Exercise aim :: In the records below, find the line containing "Nadam 的核心思想是结合 Adam" and the line containing "We present UVES/VLT". Give again exactly those lines and every line between them, omitting the pictures.
-- Dataset entries follows --
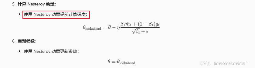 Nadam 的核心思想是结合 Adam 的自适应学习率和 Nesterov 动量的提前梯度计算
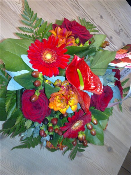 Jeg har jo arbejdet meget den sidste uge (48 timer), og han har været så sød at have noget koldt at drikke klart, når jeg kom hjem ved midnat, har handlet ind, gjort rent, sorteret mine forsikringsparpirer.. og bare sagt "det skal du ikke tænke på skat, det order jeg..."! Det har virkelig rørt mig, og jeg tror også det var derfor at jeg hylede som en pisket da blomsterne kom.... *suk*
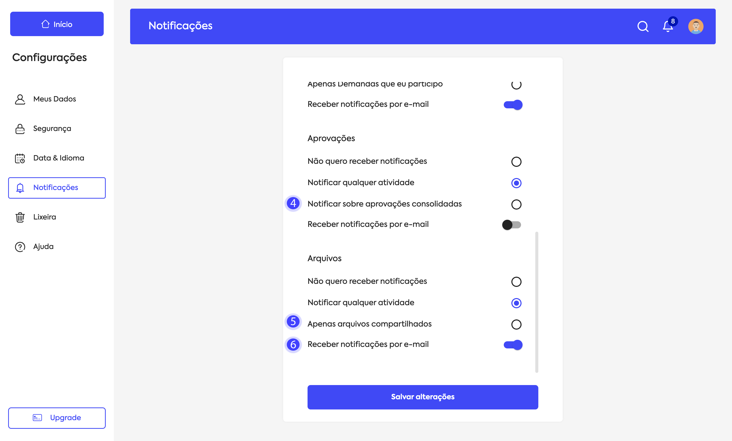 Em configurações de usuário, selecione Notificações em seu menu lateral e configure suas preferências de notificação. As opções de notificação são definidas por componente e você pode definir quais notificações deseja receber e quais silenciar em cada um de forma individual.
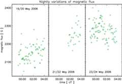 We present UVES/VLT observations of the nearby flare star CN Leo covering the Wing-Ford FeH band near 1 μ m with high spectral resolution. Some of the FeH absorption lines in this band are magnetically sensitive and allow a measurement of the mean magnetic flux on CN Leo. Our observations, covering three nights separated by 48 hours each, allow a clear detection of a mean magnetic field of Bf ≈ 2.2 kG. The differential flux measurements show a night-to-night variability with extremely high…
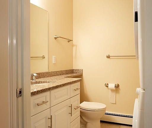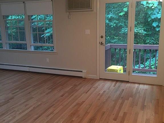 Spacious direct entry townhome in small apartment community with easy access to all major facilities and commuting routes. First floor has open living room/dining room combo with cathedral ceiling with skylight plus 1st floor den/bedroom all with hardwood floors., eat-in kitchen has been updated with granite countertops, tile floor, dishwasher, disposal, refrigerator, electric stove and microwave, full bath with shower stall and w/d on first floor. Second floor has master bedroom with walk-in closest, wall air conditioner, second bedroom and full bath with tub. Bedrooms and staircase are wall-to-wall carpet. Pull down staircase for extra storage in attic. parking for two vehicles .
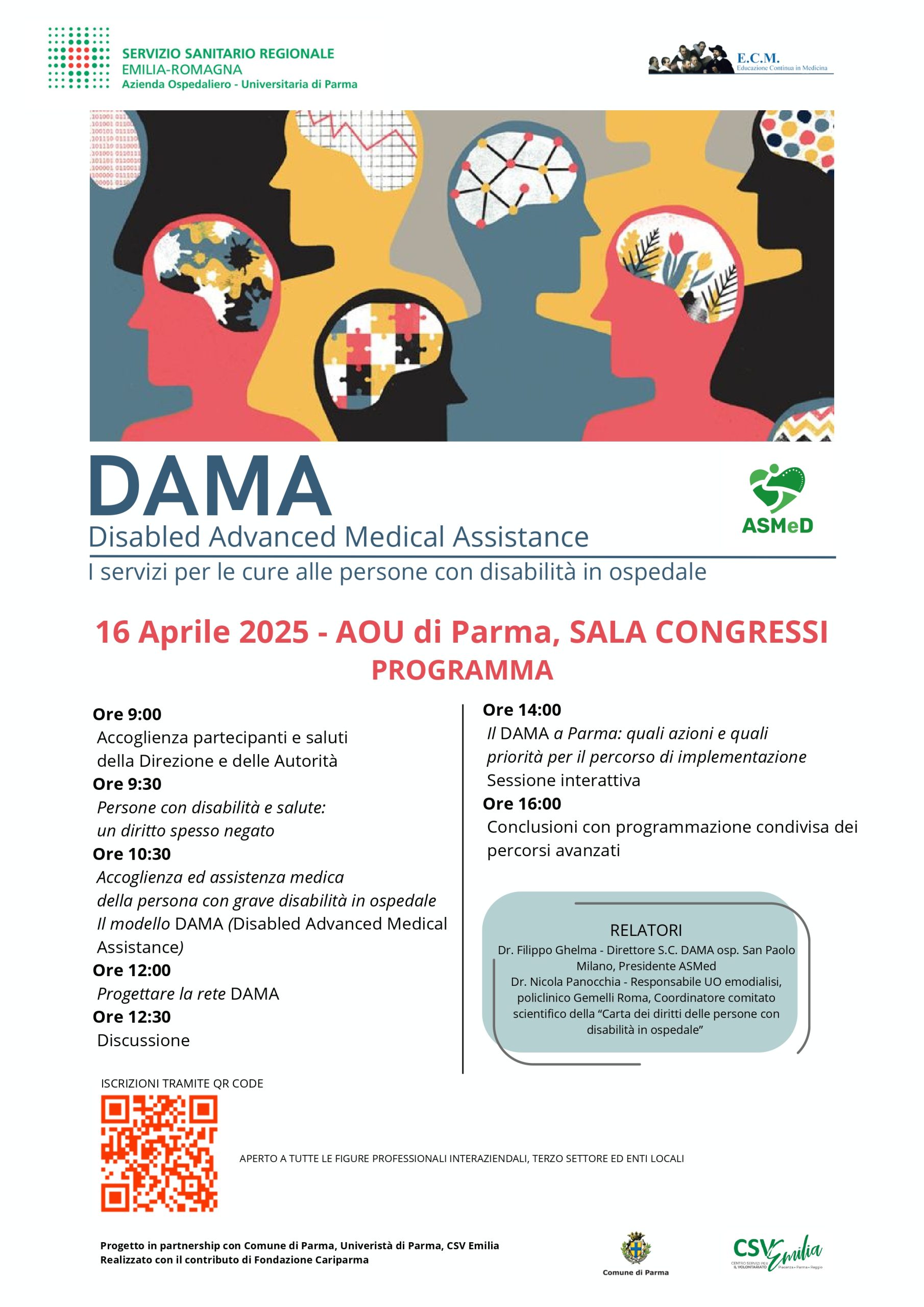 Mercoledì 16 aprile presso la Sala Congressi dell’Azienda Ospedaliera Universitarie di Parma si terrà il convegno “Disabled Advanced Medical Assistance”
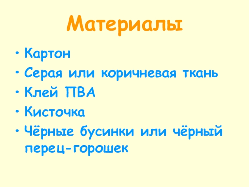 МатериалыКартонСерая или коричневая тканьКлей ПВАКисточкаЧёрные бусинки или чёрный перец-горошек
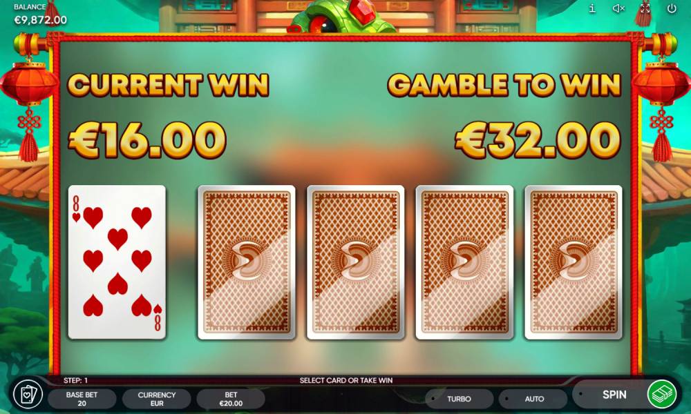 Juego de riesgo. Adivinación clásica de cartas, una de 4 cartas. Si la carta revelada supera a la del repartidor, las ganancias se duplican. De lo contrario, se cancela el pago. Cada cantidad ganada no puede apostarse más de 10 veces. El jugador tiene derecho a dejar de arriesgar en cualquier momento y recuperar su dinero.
-- Dataset entries concluded --
-- Dataset entries follows --
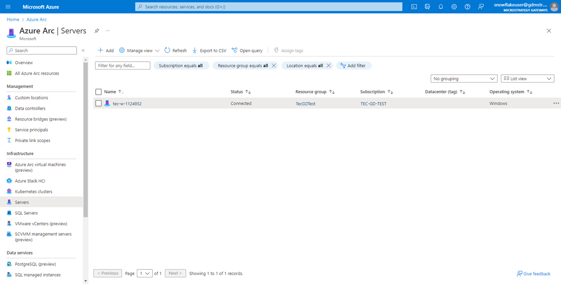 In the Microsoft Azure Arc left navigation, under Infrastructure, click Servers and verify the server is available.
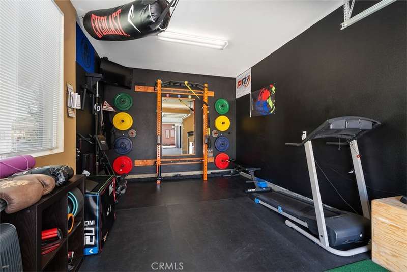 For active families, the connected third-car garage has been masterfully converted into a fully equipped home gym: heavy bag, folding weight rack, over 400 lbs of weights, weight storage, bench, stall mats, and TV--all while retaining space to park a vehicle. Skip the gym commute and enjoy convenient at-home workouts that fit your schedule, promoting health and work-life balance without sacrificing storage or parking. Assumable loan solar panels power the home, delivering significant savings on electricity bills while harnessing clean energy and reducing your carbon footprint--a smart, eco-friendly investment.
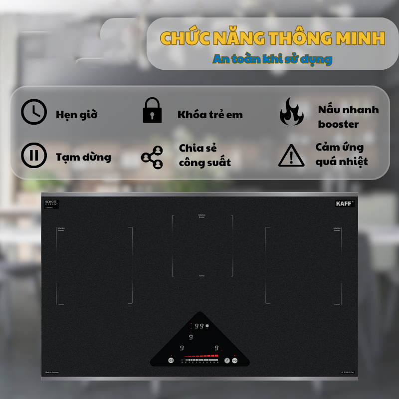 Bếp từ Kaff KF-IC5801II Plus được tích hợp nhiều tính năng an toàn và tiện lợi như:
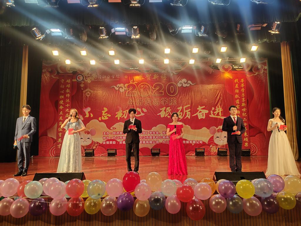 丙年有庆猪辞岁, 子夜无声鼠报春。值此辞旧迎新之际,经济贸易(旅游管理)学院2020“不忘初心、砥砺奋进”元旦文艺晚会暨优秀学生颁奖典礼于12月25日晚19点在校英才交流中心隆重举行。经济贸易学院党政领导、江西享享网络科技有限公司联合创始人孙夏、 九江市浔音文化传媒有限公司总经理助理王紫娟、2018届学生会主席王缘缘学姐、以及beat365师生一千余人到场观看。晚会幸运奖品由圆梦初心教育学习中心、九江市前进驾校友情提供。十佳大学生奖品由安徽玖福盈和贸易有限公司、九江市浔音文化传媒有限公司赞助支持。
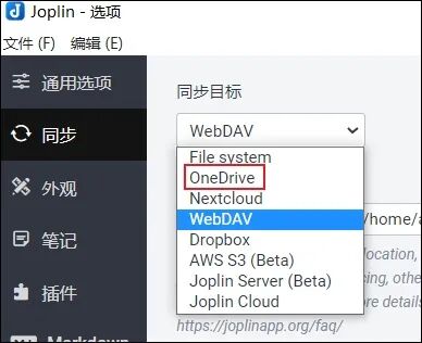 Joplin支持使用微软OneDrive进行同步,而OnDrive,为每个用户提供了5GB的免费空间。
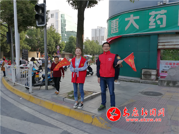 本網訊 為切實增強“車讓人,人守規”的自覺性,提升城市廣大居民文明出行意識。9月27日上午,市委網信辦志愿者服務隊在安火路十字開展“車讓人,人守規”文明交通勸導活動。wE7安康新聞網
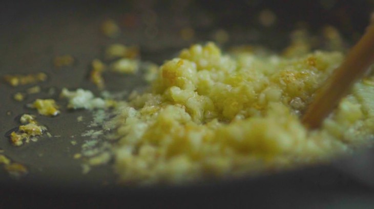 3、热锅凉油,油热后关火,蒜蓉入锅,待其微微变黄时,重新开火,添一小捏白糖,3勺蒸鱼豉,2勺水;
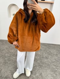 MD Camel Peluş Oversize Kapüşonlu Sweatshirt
-- Dataset entries concluded --
-- Dataset entries follows --
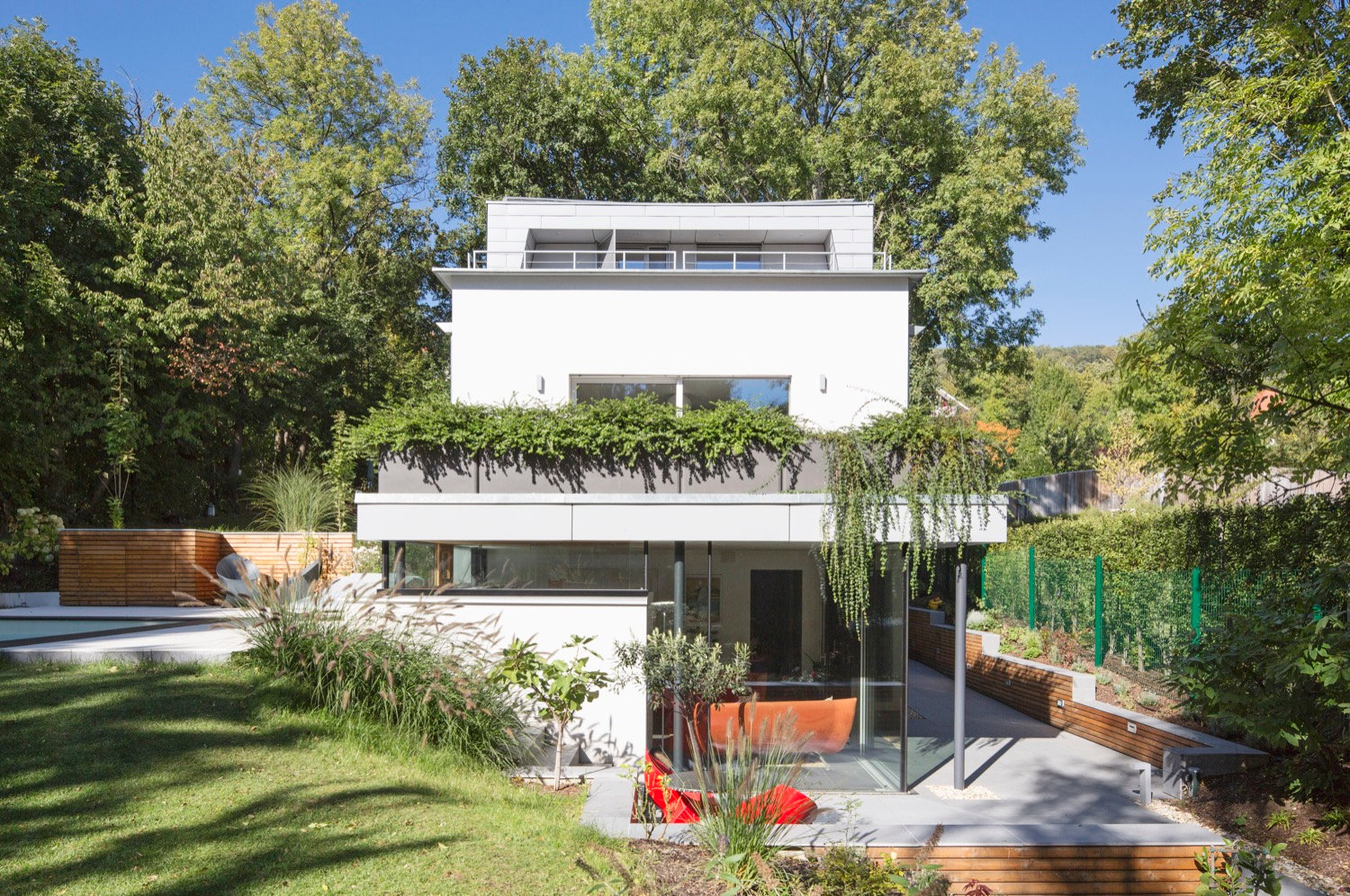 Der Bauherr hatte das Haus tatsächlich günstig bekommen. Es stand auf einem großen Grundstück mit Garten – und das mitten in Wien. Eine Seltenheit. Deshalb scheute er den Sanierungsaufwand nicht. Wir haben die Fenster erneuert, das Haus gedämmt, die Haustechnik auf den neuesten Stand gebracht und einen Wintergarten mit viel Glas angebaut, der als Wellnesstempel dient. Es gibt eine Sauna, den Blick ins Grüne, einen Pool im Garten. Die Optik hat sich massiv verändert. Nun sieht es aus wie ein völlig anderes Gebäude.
-- Dataset entries concluded --
Solution to this problem ::
 Nadam 的核心思想是结合 Adam 的自适应学习率和 Nesterov 动量的提前梯度计算
 Jeg har jo arbejdet meget den sidste uge (48 timer), og han har været så sød at have noget koldt at drikke klart, når jeg kom hjem ved midnat, har handlet ind, gjort rent, sorteret mine forsikringsparpirer.. og bare sagt "det skal du ikke tænke på skat, det order jeg..."! Det har virkelig rørt mig, og jeg tror også det var derfor at jeg hylede som en pisket da blomsterne kom.... *suk*
 Em configurações de usuário, selecione Notificações em seu menu lateral e configure suas preferências de notificação. As opções de notificação são definidas por componente e você pode definir quais notificações deseja receber e quais silenciar em cada um de forma individual.
 We present UVES/VLT observations of the nearby flare star CN Leo covering the Wing-Ford FeH band near 1 μ m with high spectral resolution. Some of the FeH absorption lines in this band are magnetically sensitive and allow a measurement of the mean magnetic flux on CN Leo. Our observations, covering three nights separated by 48 hours each, allow a clear detection of a mean magnetic field of Bf ≈ 2.2 kG. The differential flux measurements show a night-to-night variability with extremely high…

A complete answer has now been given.